Data for processing
============

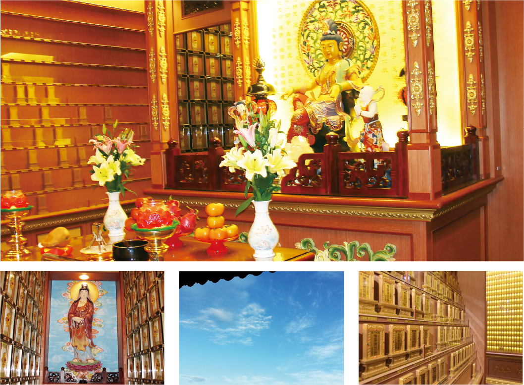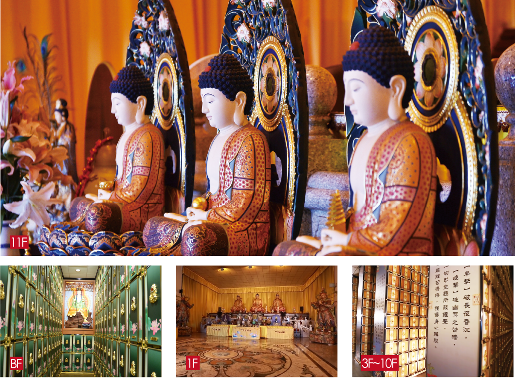 祭拜大廳(挑高二層),為西方三聖殿、萬佛牆、牌位以及管理接待中心。
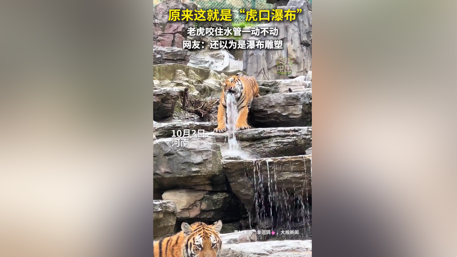 动物园老虎咬水管即兴表演“虎口瀑布”
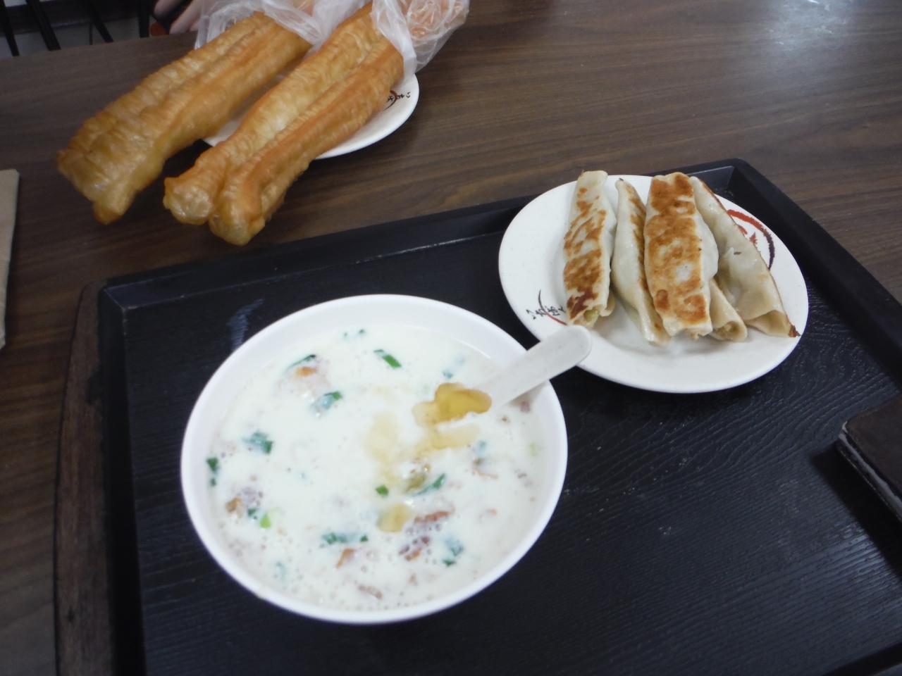 二日目の朝食 手前は鹹豆漿、豆乳に味をつけたスープのようなもの、右のは餃子みたいなもの 奥は油條、台湾流揚げパン。
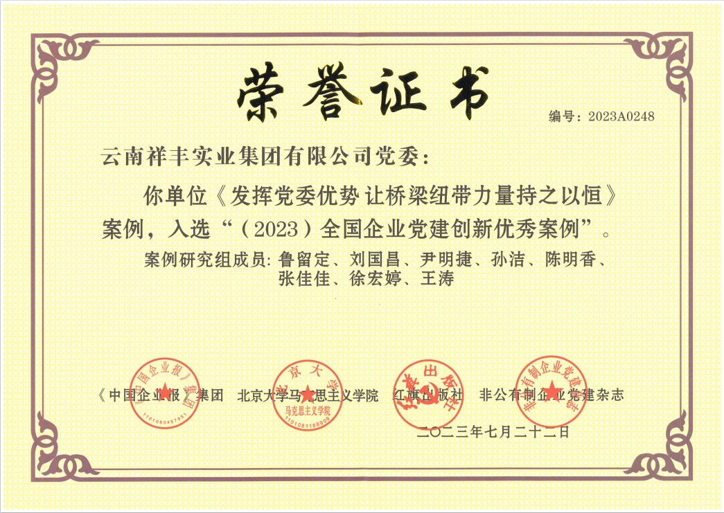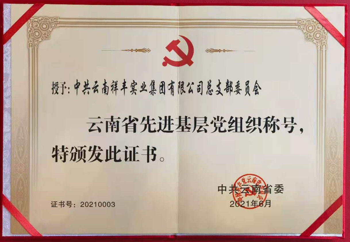 2013年7月,祥豐黨支部2011—2012年度"云嶺先鋒"工程被中共連然街道工作委員會(huì)評為"先進(jìn)基層黨組織";2013年7月,祥豐黨支部被中共安寧市委評為"基層黨建示范點(diǎn)";2013年7月,公司團(tuán)工會(huì)楊洪銘被推薦為"安寧市青年聯(lián)合會(huì)第二屆委員會(huì)委員";2013年7月,公司團(tuán)工委組織公司全體職工團(tuán)員青年開展"愛心水窖"捐款活動(dòng),祥豐集團(tuán)
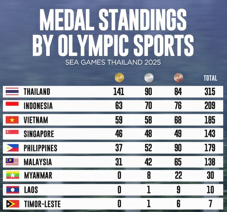 สรุปเหรียญ ซีเกมส์ 2025 นับเฉพาะกีฬาสากลที่มีแข่งขันในโอลิมปิกเกมส์เท่านั้น
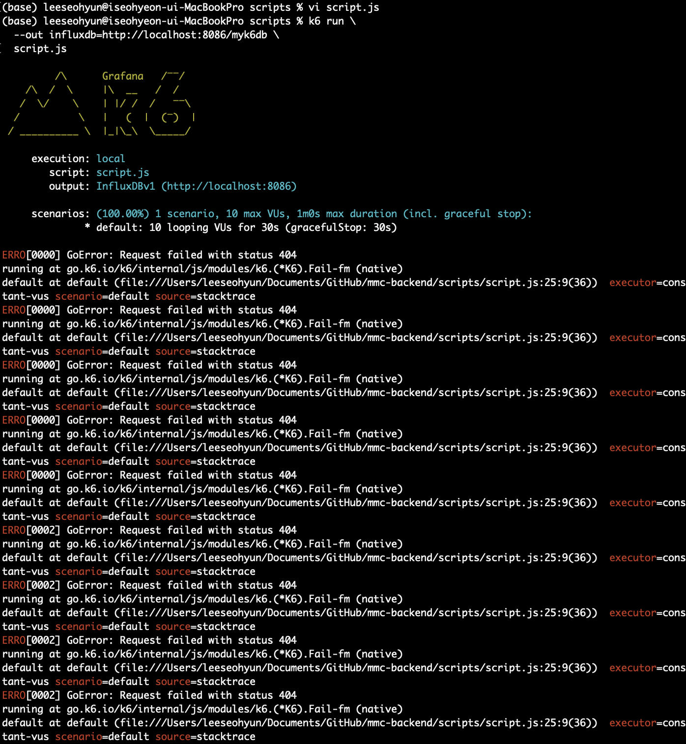 나는 Mac이어서 brew로 k6와 influxdb-cli를 설치했고

============

Exercise description
In your answer, set down the full listing word for word and include no pictures.

Answer to this task
 祭拜大廳(挑高二層),為西方三聖殿、萬佛牆、牌位以及管理接待中心。
 动物园老虎咬水管即兴表演“虎口瀑布”
 二日目の朝食 手前は鹹豆漿、豆乳に味をつけたスープのようなもの、右のは餃子みたいなもの 奥は油條、台湾流揚げパン。
 2013年7月,祥豐黨支部2011—2012年度"云嶺先鋒"工程被中共連然街道工作委員會(huì)評為"先進(jìn)基層黨組織";2013年7月,祥豐黨支部被中共安寧市委評為"基層黨建示范點(diǎn)";2013年7月,公司團(tuán)工會(huì)楊洪銘被推薦為"安寧市青年聯(lián)合會(huì)第二屆委員會(huì)委員";2013年7月,公司團(tuán)工委組織公司全體職工團(tuán)員青年開展"愛心水窖"捐款活動(dòng),祥豐集團(tuán)
 สรุปเหรียญ ซีเกมส์ 2025 นับเฉพาะกีฬาสากลที่มีแข่งขันในโอลิมปิกเกมส์เท่านั้น
 나는 Mac이어서 brew로 k6와 influxdb-cli를 설치했고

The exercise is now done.